--- START ---

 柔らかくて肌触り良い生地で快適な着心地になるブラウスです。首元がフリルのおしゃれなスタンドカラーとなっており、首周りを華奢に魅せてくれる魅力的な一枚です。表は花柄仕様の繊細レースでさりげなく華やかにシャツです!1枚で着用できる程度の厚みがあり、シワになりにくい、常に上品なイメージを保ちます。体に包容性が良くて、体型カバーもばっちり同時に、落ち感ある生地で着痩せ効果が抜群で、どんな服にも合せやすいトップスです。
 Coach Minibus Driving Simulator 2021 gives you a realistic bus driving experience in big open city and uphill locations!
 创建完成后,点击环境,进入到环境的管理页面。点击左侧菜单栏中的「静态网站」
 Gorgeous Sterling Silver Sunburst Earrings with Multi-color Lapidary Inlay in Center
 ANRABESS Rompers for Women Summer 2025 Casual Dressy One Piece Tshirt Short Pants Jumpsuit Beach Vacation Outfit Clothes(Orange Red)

--- END ---
--- START ---

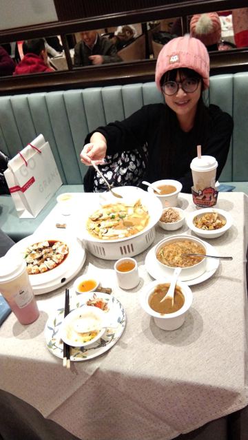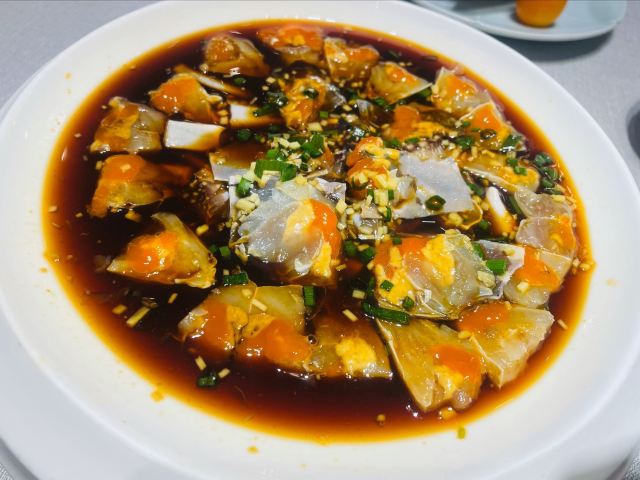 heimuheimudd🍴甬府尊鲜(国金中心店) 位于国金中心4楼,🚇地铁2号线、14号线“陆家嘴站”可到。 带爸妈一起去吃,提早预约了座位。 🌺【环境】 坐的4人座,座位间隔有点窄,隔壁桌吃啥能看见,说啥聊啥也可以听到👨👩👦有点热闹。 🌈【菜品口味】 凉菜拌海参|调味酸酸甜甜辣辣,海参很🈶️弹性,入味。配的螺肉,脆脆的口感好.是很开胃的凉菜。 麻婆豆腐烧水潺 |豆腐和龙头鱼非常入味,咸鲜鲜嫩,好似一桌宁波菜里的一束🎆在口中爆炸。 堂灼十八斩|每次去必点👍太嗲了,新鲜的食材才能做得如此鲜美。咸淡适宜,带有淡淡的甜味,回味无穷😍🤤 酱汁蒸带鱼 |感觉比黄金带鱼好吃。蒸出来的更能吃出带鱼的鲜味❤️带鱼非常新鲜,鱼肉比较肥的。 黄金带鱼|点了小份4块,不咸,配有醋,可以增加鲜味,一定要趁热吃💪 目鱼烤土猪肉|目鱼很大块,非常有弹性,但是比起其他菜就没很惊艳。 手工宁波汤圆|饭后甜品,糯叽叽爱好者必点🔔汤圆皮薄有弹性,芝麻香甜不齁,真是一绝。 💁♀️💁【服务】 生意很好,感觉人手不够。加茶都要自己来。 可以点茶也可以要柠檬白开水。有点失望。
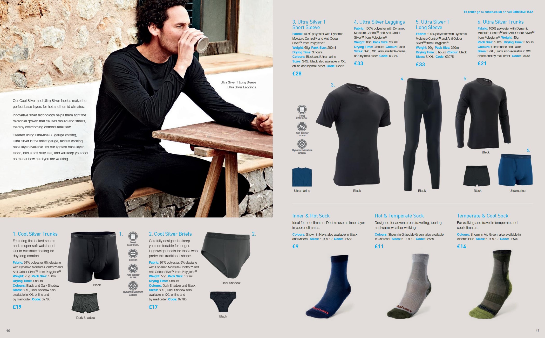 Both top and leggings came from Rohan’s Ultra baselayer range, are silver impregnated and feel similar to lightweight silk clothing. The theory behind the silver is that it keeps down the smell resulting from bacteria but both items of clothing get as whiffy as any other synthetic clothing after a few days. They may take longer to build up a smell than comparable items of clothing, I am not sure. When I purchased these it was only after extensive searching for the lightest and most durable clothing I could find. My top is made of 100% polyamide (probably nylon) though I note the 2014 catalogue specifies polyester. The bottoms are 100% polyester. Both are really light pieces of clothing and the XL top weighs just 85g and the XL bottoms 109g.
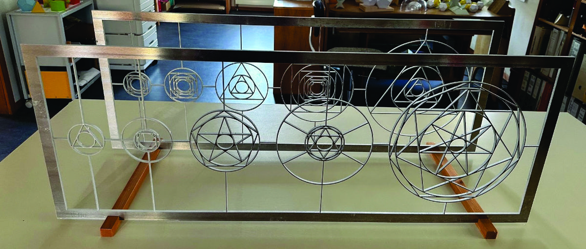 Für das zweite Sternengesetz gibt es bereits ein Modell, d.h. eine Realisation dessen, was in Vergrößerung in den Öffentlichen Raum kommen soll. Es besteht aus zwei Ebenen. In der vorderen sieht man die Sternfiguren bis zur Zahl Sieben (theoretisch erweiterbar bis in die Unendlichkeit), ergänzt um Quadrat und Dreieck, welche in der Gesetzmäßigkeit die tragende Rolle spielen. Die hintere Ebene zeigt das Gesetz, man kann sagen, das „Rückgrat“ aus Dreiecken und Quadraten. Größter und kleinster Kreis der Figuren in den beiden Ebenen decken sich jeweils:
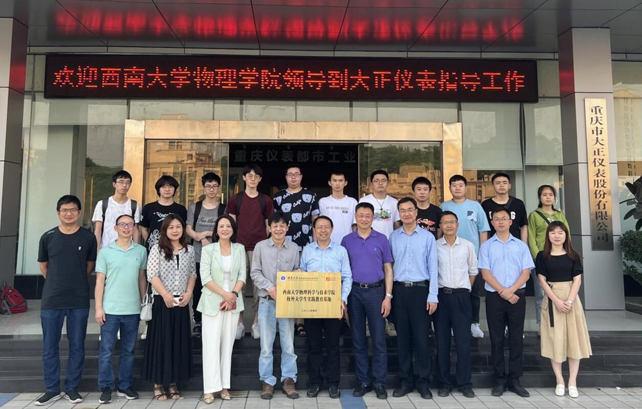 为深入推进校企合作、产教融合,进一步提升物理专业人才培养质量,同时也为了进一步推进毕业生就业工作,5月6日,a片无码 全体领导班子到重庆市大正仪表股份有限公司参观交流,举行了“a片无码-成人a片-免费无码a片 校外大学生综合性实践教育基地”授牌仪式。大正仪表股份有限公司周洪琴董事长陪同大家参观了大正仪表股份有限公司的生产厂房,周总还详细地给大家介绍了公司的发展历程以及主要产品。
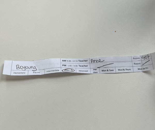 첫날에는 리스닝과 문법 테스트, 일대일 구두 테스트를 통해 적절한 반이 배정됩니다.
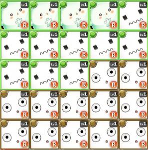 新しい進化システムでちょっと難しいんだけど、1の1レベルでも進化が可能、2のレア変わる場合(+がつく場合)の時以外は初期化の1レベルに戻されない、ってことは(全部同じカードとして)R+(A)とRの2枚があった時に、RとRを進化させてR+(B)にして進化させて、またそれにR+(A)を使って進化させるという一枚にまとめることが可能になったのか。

--- END ---
--- START ---

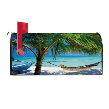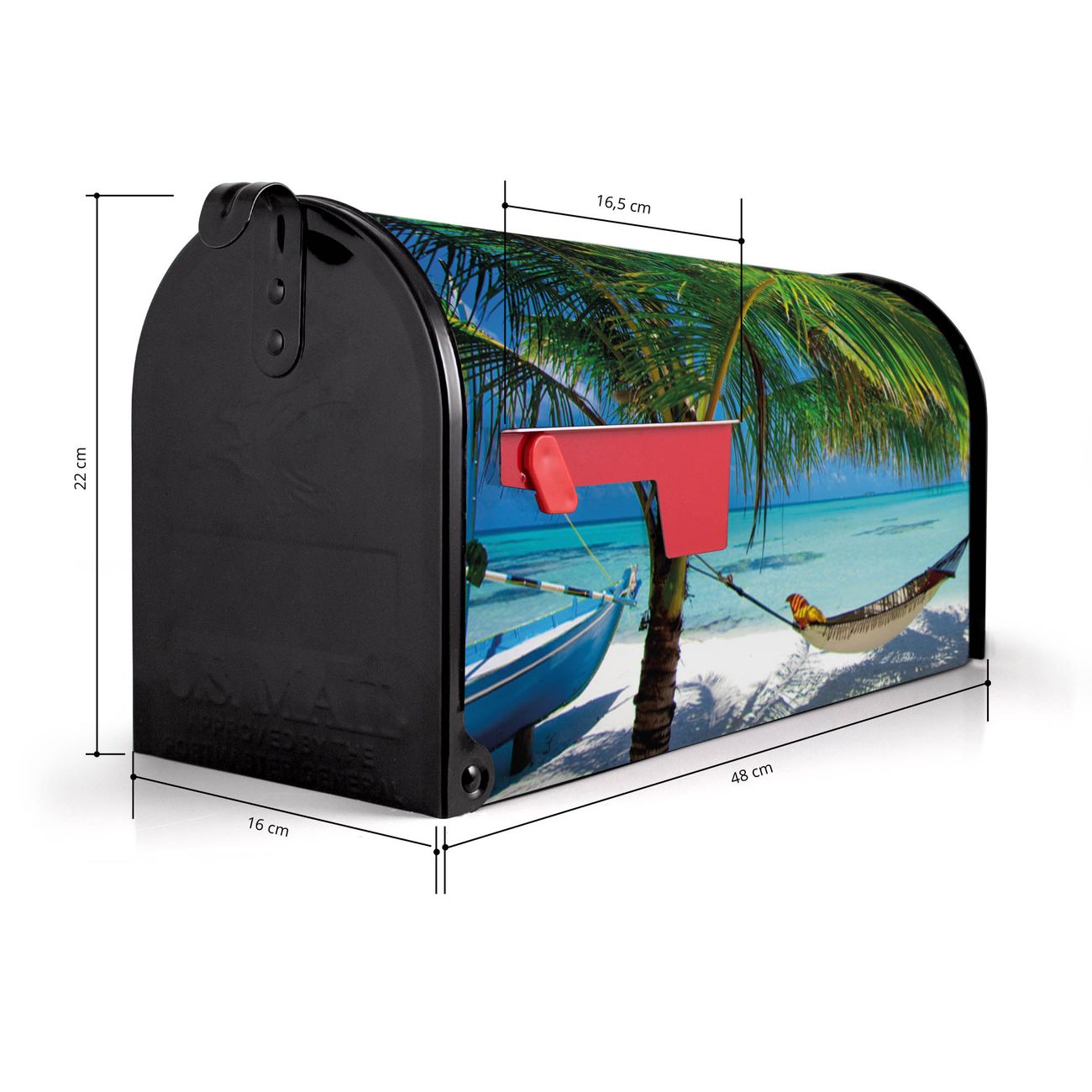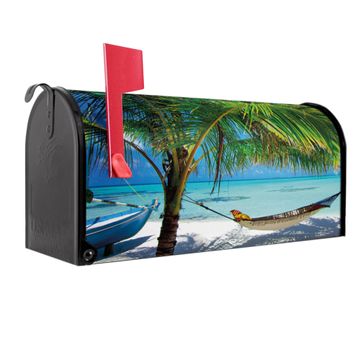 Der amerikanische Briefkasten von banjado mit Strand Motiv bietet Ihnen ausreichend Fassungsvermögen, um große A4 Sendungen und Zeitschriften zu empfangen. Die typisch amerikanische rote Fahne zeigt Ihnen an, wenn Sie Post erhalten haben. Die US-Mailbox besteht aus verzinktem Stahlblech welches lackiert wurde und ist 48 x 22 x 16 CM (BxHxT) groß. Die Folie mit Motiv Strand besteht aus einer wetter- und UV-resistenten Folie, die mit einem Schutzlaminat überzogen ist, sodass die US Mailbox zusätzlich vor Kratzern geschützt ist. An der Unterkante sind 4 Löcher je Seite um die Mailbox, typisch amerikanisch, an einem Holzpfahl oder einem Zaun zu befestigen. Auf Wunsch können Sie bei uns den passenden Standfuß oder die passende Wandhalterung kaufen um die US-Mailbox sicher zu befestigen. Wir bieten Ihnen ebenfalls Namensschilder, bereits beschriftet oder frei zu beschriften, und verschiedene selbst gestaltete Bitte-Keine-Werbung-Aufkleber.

--- END ---

- [Task goal]:
Please return the lines above that run from the line containing "Coach Minibus Driving" to the line containing "ANRABESS Rompers for", inclusive, exactly and with no other lines.

- [Finished task]:
 Coach Minibus Driving Simulator 2021 gives you a realistic bus driving experience in big open city and uphill locations!
 创建完成后,点击环境,进入到环境的管理页面。点击左侧菜单栏中的「静态网站」
 Gorgeous Sterling Silver Sunburst Earrings with Multi-color Lapidary Inlay in Center
 ANRABESS Rompers for Women Summer 2025 Casual Dressy One Piece Tshirt Short Pants Jumpsuit Beach Vacation Outfit Clothes(Orange Red)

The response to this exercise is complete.